Records to use below:

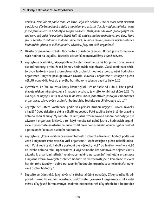 Oblast firemního vzdělávání a tréninků neustále roste a proměňuje se. V publikaci 90 skvělých aktivit od 90 světových koučů jsou na jednom místě shromážděny klasické tréninkové aktivity od 90 vynikajících lektorů. Do hvězdného seznamu se řadí trenéři jako Bellman, Blanchardová, de Bono, Kouzes, Philips, VanGundy a 84 dalších. Využijte jejich zkušeností a zkuste některá ze cvičení zařadit na školeních, která právě připravujete. Úspěch je předem zaručen.
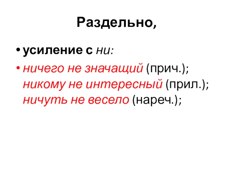 Раздельно,усиление с ни: ничего не значащий (прич.); никому не интересный (прил.); ничуть не весело (нареч.);
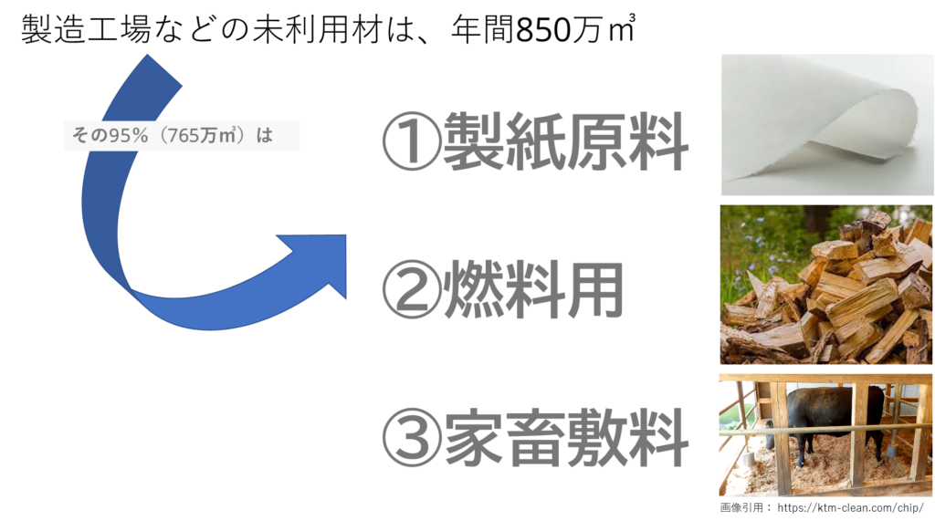 製造工場などの未利用材は年間850万㎥発生しているそうです。
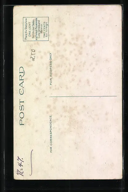Personenbezogene Daten auf der Rückseite der Karte wurden durch blauen Textmarker unkenntlich gemacht. Die blauen Stellen sind auf die Vorderseite durchgeweicht und wirken sich negativ auf das Postkartenfoto aus
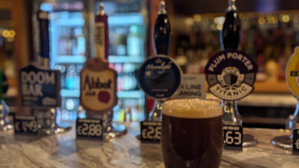 Not that I’ve been one for using Tim’s venues these past few years but last Wednesday should have been a reunion in Stafford for which my Liverpool friend had suggested meeting in the Picture House before backing out for an MRI scan instead that day but I went anyway as I wasn’t sure my Wolverhampton friend knew it was cancelled. Anyway, they had that Arkells Moonlight on and I had two pints with tuppence change out of £3. With a pint in Swindon on my way to Bath last autumn that makes three pints of Arkells I’ve drink in several years.

End of Records to use.

Task instructions
Working from the entries above, reproduce exactly and only the lines beginning with the line that has "製造工場などの未利用材は年間850万㎥発生しているそうです。" and ending with the line that has "Personenbezogene Daten auf"; omit all pictures.

Exercise result
 製造工場などの未利用材は年間850万㎥発生しているそうです。
Personenbezogene Daten auf der Rückseite der Karte wurden durch blauen Textmarker unkenntlich gemacht. Die blauen Stellen sind auf die Vorderseite durchgeweicht und wirken sich negativ auf das Postkartenfoto aus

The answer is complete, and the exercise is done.